Records excerpted from a collection
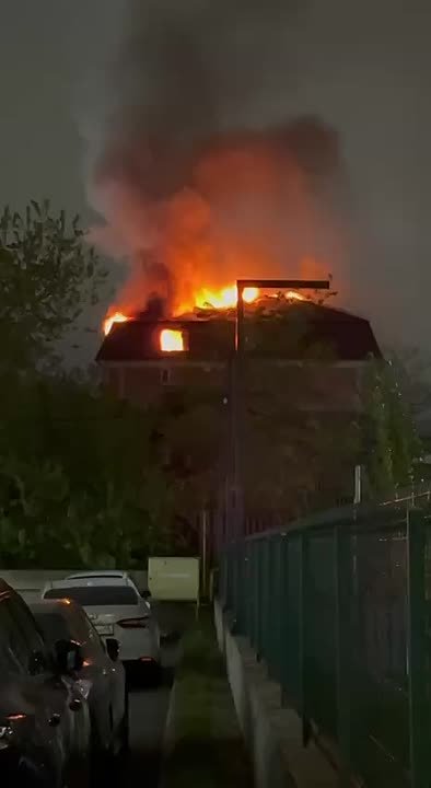 Как передает корреспондент ТАСС с места происшествия, мансардный этаж значительно поврежден огнем. Открытое пламя достигает нескольких метров в высоту, местами провалилась крыша. Вплотную к горящему зданию расположен еще один многоквартирный жилой...
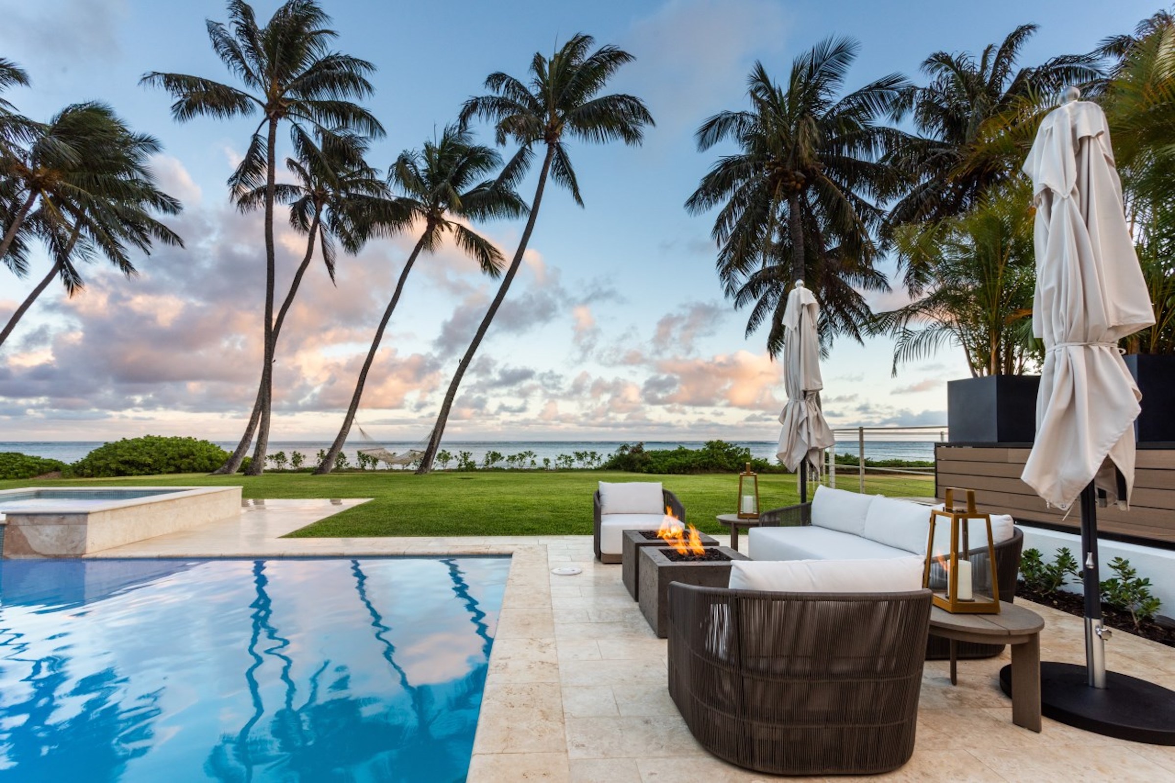 Modern Living By The Sea…Niu Beachfront Contemporary Plantation HM is perfectly situated on a rare beachfront setting, along a coveted sandy shoreline. Completely remodeled in 2020, this modern-day HM offers luxury living w/ the latest state of the art amenities. A striking kitchen w/proff appliances & gorgeous marble island highlights the space. Adjacent dining & multiple living areas overlook outdoor lanais, seaside pool w spa + BBQ kitchen overlooking 80’ of Pacific Ocean vistas by day & mesmerizing sunsets by night. Enjoy a dream Master Suite, HM office, wellness room w/gym/yoga studio + media rm. Energy efficient w/solar panels & Tesla Powerwalls. For those looking for a magical shoreline & the perfect setting to enjoy every imaginable watersport from your back yard, welcome HM!
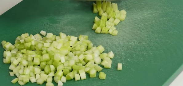 - Verwijder de schil van de tweede ui en snijd deze in kleine blokjes. Snijd ook de stengels bleekselderij zo klein mogelijk.
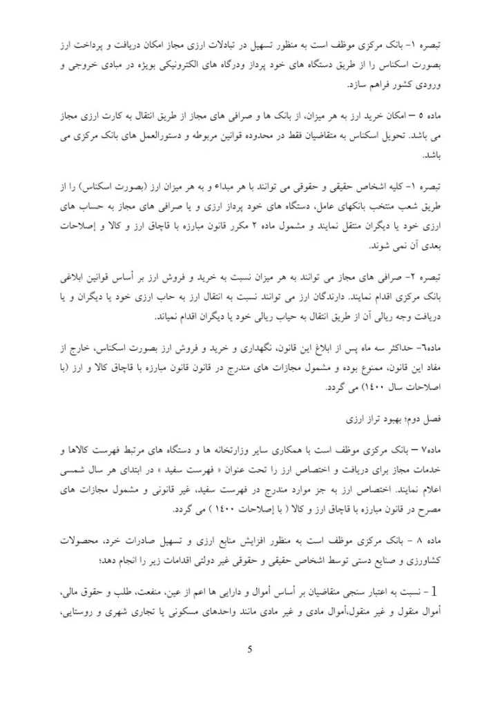 بر اساس ماده ۶ این طرح نیز «حداکثر سه ماه پس از ابلاغ این قانون، نگهداری و خرید و فروش ارز بهصورت اسکناس، خارج از مفاد این قانون، ممنوع بوده و مشمول مجازاتهای مندرج در قانون مبارزه با قاچاق کالا و ارز میشود.»
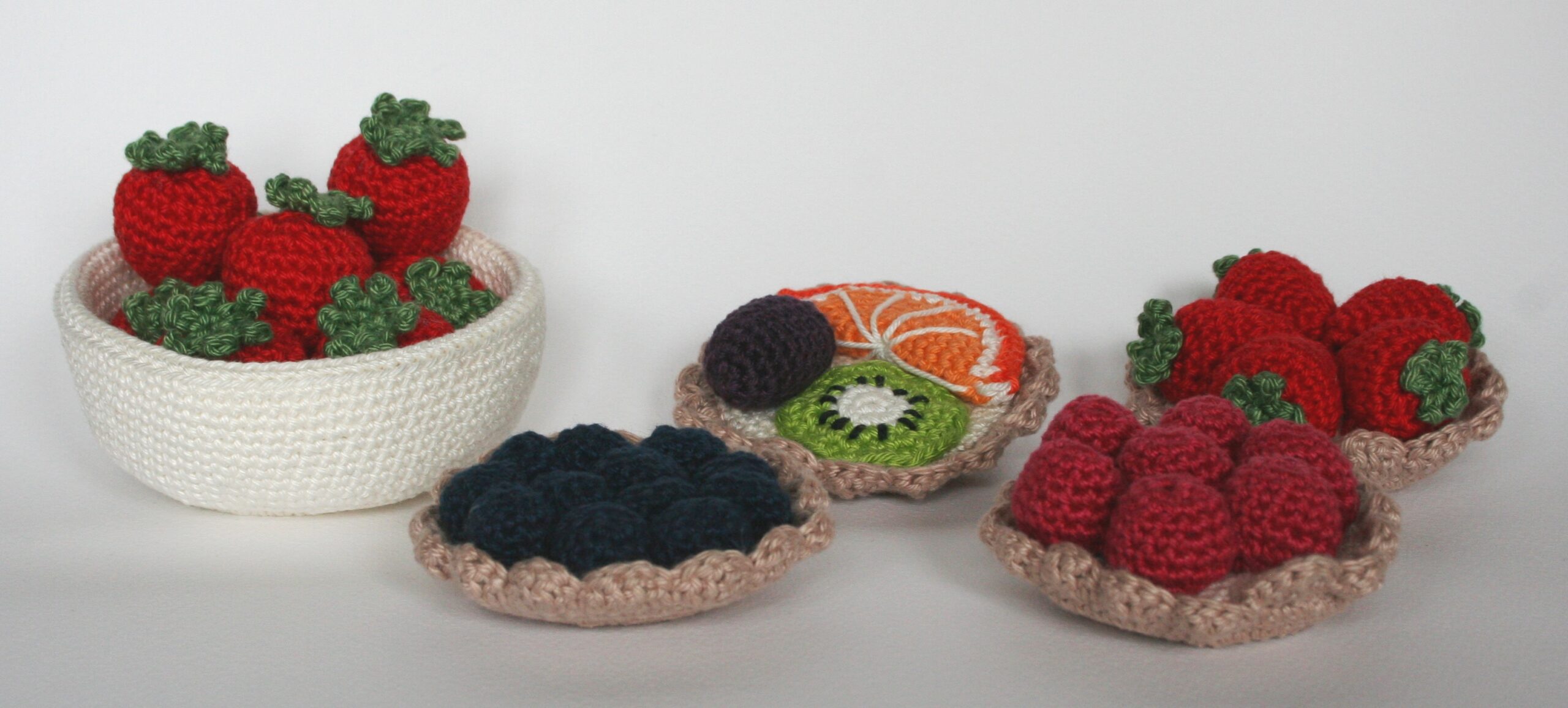 Deze set bevat de patronen van de 4 verschillende fruittaartjes, de aardbeien en het schaaltje
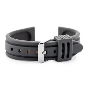 Szürke gumírozott óraszíj, amely kényelmes viseletet és praktikus, mindennapi használatot kínál.
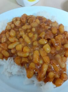 שעועית לבנה עם קוביות בשר על מצע אורז לבן
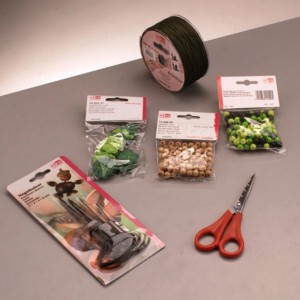 Holzperlenmischung, grünmix (Ø 8mm) | Holzperlen, natur (Ø 8mm) | Holzstreuteile Kleeblatt | Baumwollkordel, olivgrün (ca. 1m lang) | Bastelschere | Nagelbohrer

What to work on - Wherever a picture appears in the data, please drop it and retype the rest exactly.

Exercise answer -
 Как передает корреспондент ТАСС с места происшествия, мансардный этаж значительно поврежден огнем. Открытое пламя достигает нескольких метров в высоту, местами провалилась крыша. Вплотную к горящему зданию расположен еще один многоквартирный жилой...
 Modern Living By The Sea…Niu Beachfront Contemporary Plantation HM is perfectly situated on a rare beachfront setting, along a coveted sandy shoreline. Completely remodeled in 2020, this modern-day HM offers luxury living w/ the latest state of the art amenities. A striking kitchen w/proff appliances & gorgeous marble island highlights the space. Adjacent dining & multiple living areas overlook outdoor lanais, seaside pool w spa + BBQ kitchen overlooking 80’ of Pacific Ocean vistas by day & mesmerizing sunsets by night. Enjoy a dream Master Suite, HM office, wellness room w/gym/yoga studio + media rm. Energy efficient w/solar panels & Tesla Powerwalls. For those looking for a magical shoreline & the perfect setting to enjoy every imaginable watersport from your back yard, welcome HM!
 - Verwijder de schil van de tweede ui en snijd deze in kleine blokjes. Snijd ook de stengels bleekselderij zo klein mogelijk.
 بر اساس ماده ۶ این طرح نیز «حداکثر سه ماه پس از ابلاغ این قانون، نگهداری و خرید و فروش ارز بهصورت اسکناس، خارج از مفاد این قانون، ممنوع بوده و مشمول مجازاتهای مندرج در قانون مبارزه با قاچاق کالا و ارز میشود.»
 Deze set bevat de patronen van de 4 verschillende fruittaartjes, de aardbeien en het schaaltje
 Szürke gumírozott óraszíj, amely kényelmes viseletet és praktikus, mindennapi használatot kínál.
 שעועית לבנה עם קוביות בשר על מצע אורז לבן
 Holzperlenmischung, grünmix (Ø 8mm) | Holzperlen, natur (Ø 8mm) | Holzstreuteile Kleeblatt | Baumwollkordel, olivgrün (ca. 1m lang) | Bastelschere | Nagelbohrer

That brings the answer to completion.